The first pastoral runs were established in the 1840s. In 1860, Edward Hillson purchased 5000 acres from Patrick Hennessey, and on this land the town was built. The Tocumwal Post Office was built in 1868, and the village was recognised in 1872 – the same year a punt was established.

In 1891, the Tocumwal Hotel was built by Edward Hillson and the population of the town was 350 people. In 1893, the Court House and Police Quarters were erected.

Prior to Federation, Tocumwal was an important customs point for goods crossing between the colonies of Victoria and New South Wales. In addition to the punt charges, tax on horses, cattle and sheep had to be paid. The old NSW customs house is now a residence in Anzac Avenue.

In 1895, the Tocumwal Bridge opened for traffic and replaced the punt.

In 1898, the standard gauge NSW Railways main southern railway line was extended from Junee to Tocumwal, through Narrandera. The broad gauge Victorian Railways Melbourne to Shepparton railway line reached the Murray River at Tocumwal in 1905. This was extended to Tocumwal in 1908, creating a break-of-gauge at Tocumwal.

The morning of 9th July 1908 saw the historic event of the first stock train with 24 trucks of sheep crossing the bridge. A passenger train followed later that afternoon. Tocumwal remained a Victorian station until 1914, when it was connected to the NSW Railway system. It became a major trans-shipping port with both gauges, to serve the increasing traffic, particularly the need of the military.

These developments resulted in the population increasing  fom 350 in 1880 to 1000 in 1914.

Due to Tocumwal’s riverside location, by the 1980s it had already become popular with holiday makers from the Melbourne and Shepparton areas.

Tocumwal Aerodrome

During World War II, Tocumwal was the site of the Royal Australian Air Force Station, which was a major Royal Australian Air Force training airfield and depot.

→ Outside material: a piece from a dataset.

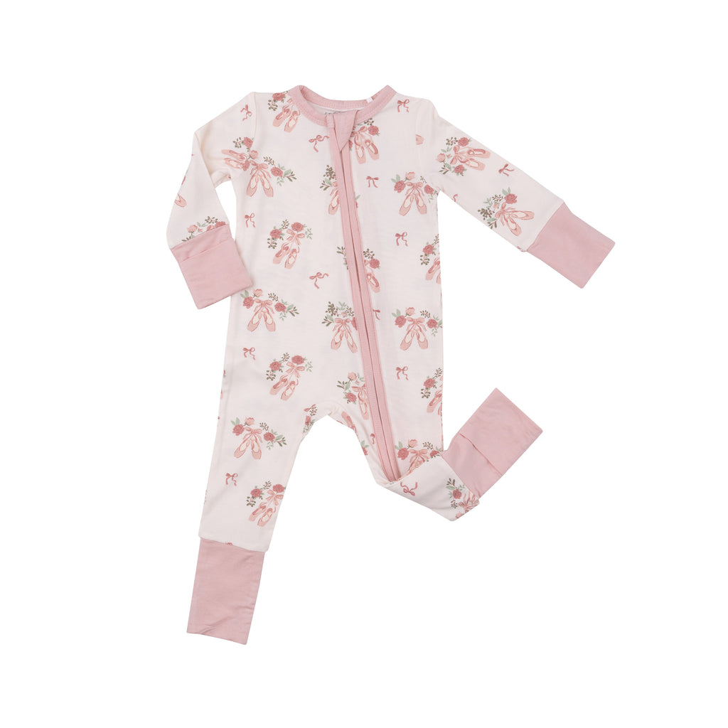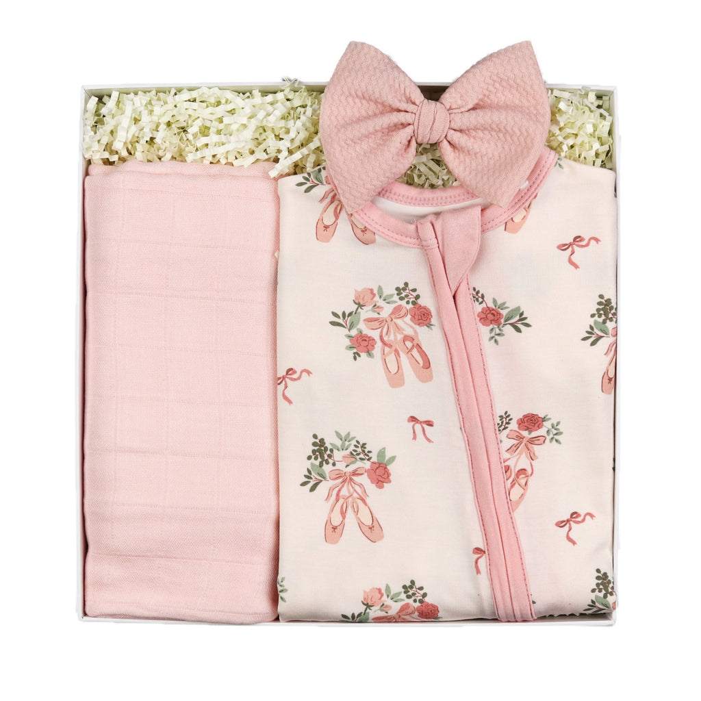 Featuring Ballet Shoes bamboo zipper romper by Angel Dear, deluxe muslin swaddle blanket in Blush by Little Unicorn, and skinny bow on nude nylon in Peony by Little Lopers.

Following the bombing of Darwin, the United States and Australia made plans for Australian inland defence. The Tocumwal airfield was the largest and first of airfields planned, as preparation for a possible Japanese invasion. The aerodrome was commissioned by the US Army Air Corps and constructed in 1942 as the McIntyre Field heavy bomber base. 5,000 people were involved in the construction of the base, which had 450 buildings spread over 25 square miles, with 114 km of roads interconnecting it all. There were four runways, each nearly 2km in length. Planes were using the airstrip within 5 weeks of beginning construction, and the airfield was completed in four months.

Overall it was spread out to ensure defensive dispersal of aircraft, fuel and personnel. It was disguised as much as possible by designing the accommodation buildings in the shape of normal houses and by aligning them on continuations of the streets of the town.

American forces moved to Tocumwal, however, as the situation in the Pacific improved, they moved north to Queensland. The aerodrome then became the RAAF Station Headquarters for training Liberator bomber aircrews. In December 1944, there were 5,500 men on the base. It subsequently became an aircraft depot until the 1960s.